Reviewer:  Diane Bareis

 

Alice Taub tells the story of surviving through the war as a young girl. A resident of Antwerp, Belgium, her family moved into France for the duration of the war. At times she was with her mother, at times she was separated. Through most of the experience, she was forced to hide her Jewish identity. She tells her story clearly and compassionately.

 

 

Alice Taub

Interview #26 • January 17, 1988

(Running times are approximate)

Reviewer: Diane Bareis

 

Born: Mishkos (phonetic spelling), Hungary

 

Her family moved to Antwerp, Belgium. Before the war there were about 50,000 Jews in Antwerp and it was a wonderful, cultural place to live.

 

2:00 May 1940. The Germans invaded Belgium. Her family had papers to go to the U.S. but they waited too long. Alice was nine and one-half years old when they headed to southern France by train.
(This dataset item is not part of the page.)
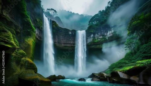 Fototapeta premium Majestic waterfall surrounded by lush greenery during a misty morning

The Germans were already there and had closed all the seaports.

They went on to a small town in France near the border of Spain.

Some French villagers came out to see what Jews looked like as they had never seen Jews before. They said, “They look like we do.”

 

8:00 Alice’s father was killed in a bombing attack on a train.

 

9:00 Belgian students learned four languages in their schooling. Alice knew French and acted as the translator. She went to school in the French village and they stayed there for a couple of years.

 

13:00 She discusses food and wine rations.

 

14:00 They move on to a more central part of France. Alice, being rather fluent in French, was assimilated as a French citizen. She was placed in a convent with false papers, posing as an orphan.

She tells of singing a solo, “Ave Maria” on Christmas Eve. Little did anyone know that she was a Jew.

She continued to correspond with her mother.

 

19:30 The Germans were beginning to retreat from France but Alice had nowhere to go. She was placed on a farm until they heard that the Germans were out of the area. Mail and transportation became unreliable. Alice did not know how to reach her mother. She was placed in a youth hostile in Limoges.

Toward the end the Germans were arresting people and beating them.

 

24:54 Fay said, “Something entered into me and made me know I was meant to survive.”

She and two other Jewish girls observed the Sabbath by eating their chocolate rations on Fridays.

 

28:45 As the end of the war came, she found a truck driver who would take her to her mother, hiding in Limoges. Everyone shared for the sake of survival

Jewish community services were organizing and Alice was placed into a girl’s school.

1946. Alice and her mother returned to Belgium. They had lost track of other relatives and some were already in Antwerp when they arrived.

 

33:00 Her mother’s experience was different. An accomplished housekeeper, she traded her skills for food and survival.

 

35:25 One uncle had been placed in a concentration camp in southern France.

 

36:30 Fay’s aunts survived by trading help/labor, just as Fay’s mother had done in order to survive.

 

37:27 Fay does not recall much about her father but recalls Antwerp before the war. After the war the Jewish population within that city was 4,000 to 4,500.

She was married in 1953 in Belgium and ten days later they came to the United States.